I’D RATHER SEE A SERMON…

     I’ve been reading a book of late entitled Amish Grace that was loaned to me by Cathy O’Shea.  It’s really the story of how the Amish community at Nickel Mines, Pennsylvania forgave Charles Carl Roberts for shooting ten little girls in an Amish schoolhouse.  I think it also personifies verse 22 of the passage I read from the book of James.  James writes, “Be doers of the word, and not hearers only, deceiving yourselves.”  The book reveals the power of living what we believe.  Listen to this.

     In late October of 1991, Aaron and Sarah Stolzfus were joined together  in holy matrimony.  Following traditional Amish honeymoon custom, they went to visit extended family for a little while.  One Sunday afternoon they were returning home – as you might suspect – by way of horse and buggy.

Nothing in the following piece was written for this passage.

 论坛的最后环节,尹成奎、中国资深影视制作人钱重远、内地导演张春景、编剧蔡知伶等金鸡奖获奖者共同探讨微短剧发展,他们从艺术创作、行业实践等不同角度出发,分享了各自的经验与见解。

     That very same day, seventeen-year-old Joel Kime came home from church, grabbed a bite to eat, then headed off to a soccer game with his brother and two friends.  Driving his family’s old AMC Concord – and eager to show off its power – he had already hit 70 miles an hour as he crested a hill on a narrow country road.  Up ahead was Aaron and Sarah’s horse and buggy, but Joel Kime decided to blow right past them.  At the last instant, Aaron and Sarah’s horse turned left…and Joel Kime couldn’t avoid them.  Sarah died in the hospital that night.

     On Monday evening – the day after the accident – Joel Kime’s parents took him to Aaron and Sarah’s house.  He had never been to an Amish home before, and he was afraid of what they might do.  Much to his surprise, Aaron’s grandmother hugged him and expressed her forgiveness.  So did Aaron’s father.  It happened again when Sarah’s parents put their arms around him and said, “We forgive you.”  Joel Kime himself said, “It was unbelievable.  It was totally, absolutely amazing.  I cannot express the relief that floated over me.”

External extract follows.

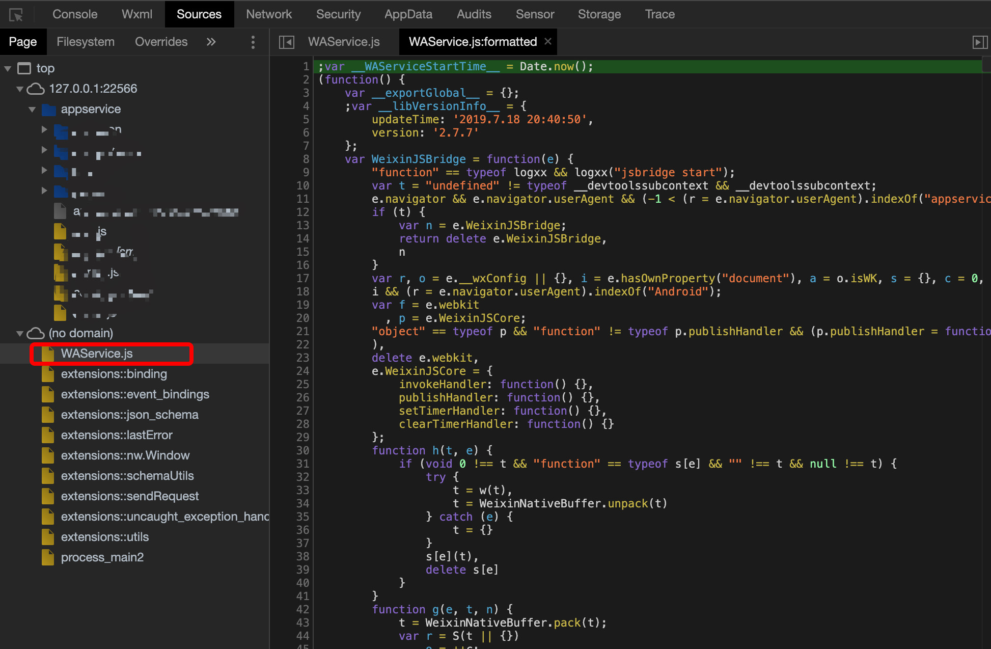 另外也可以只直接通过开发者工具的Sources面板查找到WAService.js的源码

     In a back room of the farmhouse Kime met Aaron, the shattered husband, staring at his deceased bride in a wooden coffin.  Kime said, “How can I ever repay you?”  Kime describes what happened next this way.  “He simply forgave me.  We hugged as the freedom of forgiveness swept through me.”

     Even at his trial, the Amish people wrote letters to the judge, begging   for his pardon.  Legally it was impossible for the judge to acquit Kime,     but because he was a minor, he did manage to avoid prison.

     The relationship between Kime and the Stolzfus family continued.  They got together about once a year in each other’s houses.  Five years after the accident, Kime invited them to his own wedding.  They came for the ceremony and the reception, bearing gifts.  Later, Kime and his wife became missionaries overseas, and the Stolzfus family helped support them financially.

     That, my friends, is the power of forgiveness.  That’s what it means to be doers of the word and not hearers only.  We see how it literally transformed the transgressor.  He ultimately became a missionary overseas. 

     So we’ve seen how forgiveness – living one’s faith – can transform the transgressor.  But what about the transgressed?  What does forgiveness –    or living one’s faith – do for the one who was hurt?

     To answer that question, let’s take a look at the Nickel Mines shooting itself.  Charles Carl Roberts, a local man who drove a milk truck, burst into the school on Monday, October 2, 2006.  I’m not going to go into all the gory details.  Suffice it to say that Roberts shot ten little girls, and five of them did not survive.  Roberts then, of course, turned the gun on himself.

     Shortly thereafter, the Amish community got to thinking about how devastated Charles Roberts’ family must be.  They went to them and they forgave them.  The Amish gave money to help the family out.  Many of them even attended Charles Roberts’ funeral.  As one of the Amish ministers put it, “If I hold a grudge for one day, it is bad.  If I hold it for two days, it’s worse.  If I hold a grudge for a year, then that man is controlling my life.  Why not just let go of the grudge now?”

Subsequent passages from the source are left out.